Butler tells LJ that TLC’s development of RDAExpress also reflects the company’s broader view on the importance of linked data.

“We are strategically planning for [the Library of Congress Bibliographic Framework Initiative] ­BIBFRAME and linked data,” Butler says. “My strong belief, as a strategist, is that this is something that ILS vendors need to do, regardless of when the Library of Congress finishes their adoption [of BIBFRAME as a replacement for MARC 21]. Providing for metadata that is searchable on the web and beyond the silo of the library catalog has to be done.

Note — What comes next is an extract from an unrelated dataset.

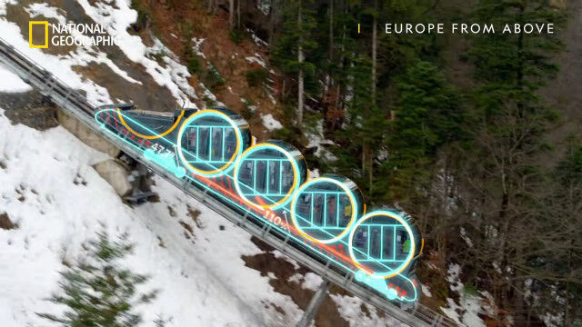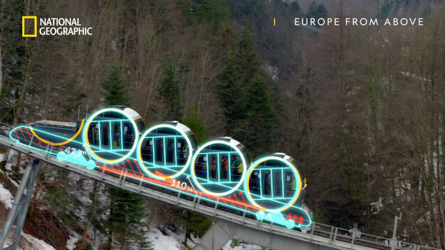 円筒形の客車を連結させた構造が特徴的で、急勾配の坂道を走っている時でも、勾配にあわせて客車内部が傾くため、水平な状態を保つことができる。

And it has to be done soon. Library users want that.”

This may prove to be a prescient statement. Between the adoption of RDA standards, LC’s BIBFRAME Initiative, and the work of the Schema BIB Extend Community Group, with participants from OCLC and other organizations, linked data initiatives appear to be gaining critical mass in the library field. If these efforts ultimately help surface library content on the open web, it could result in a seismic shift of the library systems landscape.